Start of PROVIDED MATERIAL

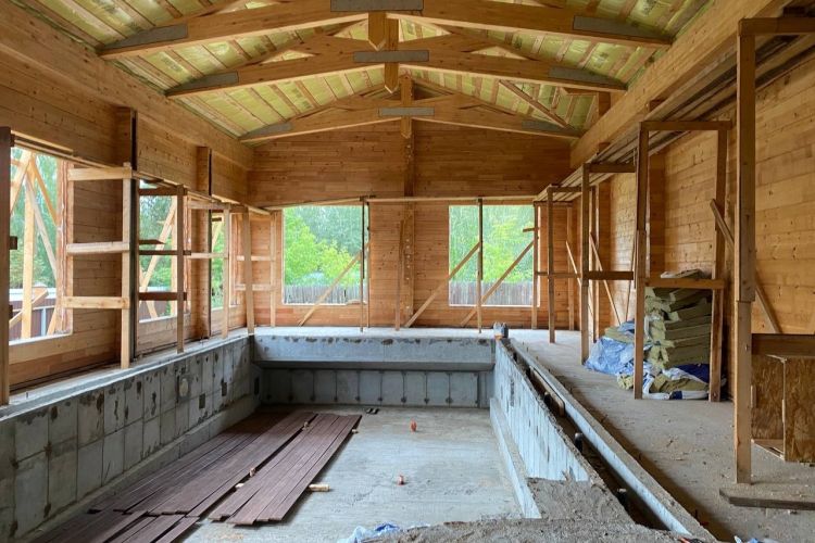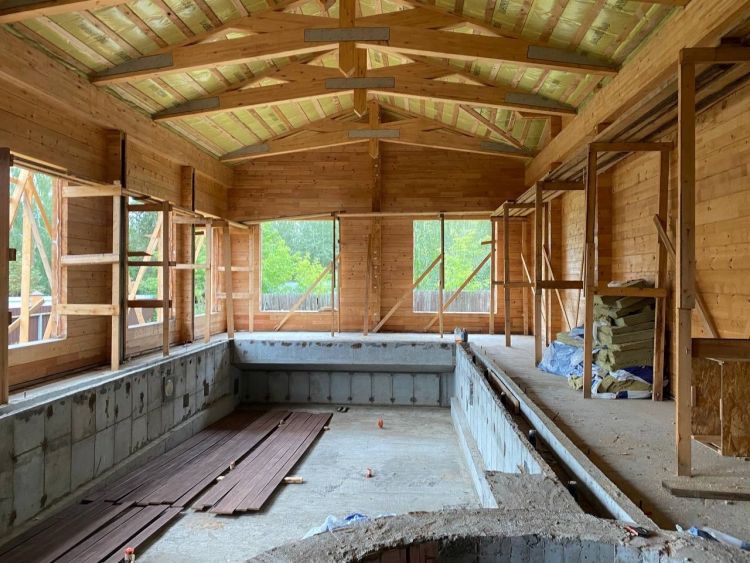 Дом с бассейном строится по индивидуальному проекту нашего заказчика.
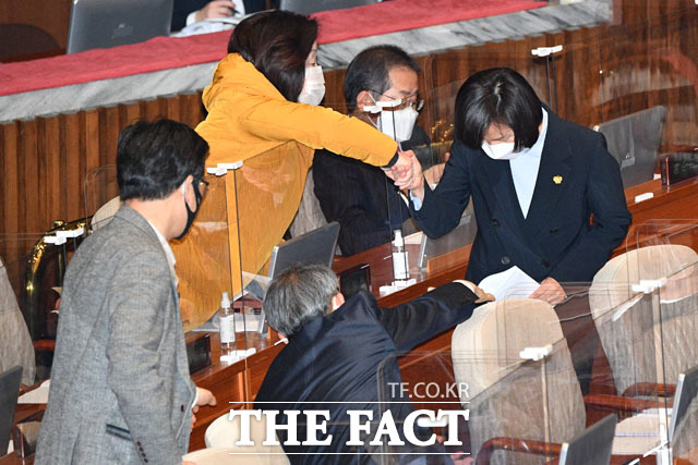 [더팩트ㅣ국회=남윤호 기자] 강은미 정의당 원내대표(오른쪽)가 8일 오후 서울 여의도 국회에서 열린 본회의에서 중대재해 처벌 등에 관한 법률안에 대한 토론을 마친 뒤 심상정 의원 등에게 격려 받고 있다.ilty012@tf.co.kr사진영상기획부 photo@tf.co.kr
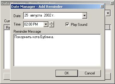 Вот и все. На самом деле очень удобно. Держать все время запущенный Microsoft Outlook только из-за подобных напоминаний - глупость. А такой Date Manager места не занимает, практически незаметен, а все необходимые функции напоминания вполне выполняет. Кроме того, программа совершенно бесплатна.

End of PROVIDED MATERIAL

The data above must be given again in full and unaltered, minus its images.

EXERCISE SOLUTION =
 Дом с бассейном строится по индивидуальному проекту нашего заказчика.
 [더팩트ㅣ국회=남윤호 기자] 강은미 정의당 원내대표(오른쪽)가 8일 오후 서울 여의도 국회에서 열린 본회의에서 중대재해 처벌 등에 관한 법률안에 대한 토론을 마친 뒤 심상정 의원 등에게 격려 받고 있다.ilty012@tf.co.kr사진영상기획부 photo@tf.co.kr
 Вот и все. На самом деле очень удобно. Держать все время запущенный Microsoft Outlook только из-за подобных напоминаний - глупость. А такой Date Manager места не занимает, практически незаметен, а все необходимые функции напоминания вполне выполняет. Кроме того, программа совершенно бесплатна.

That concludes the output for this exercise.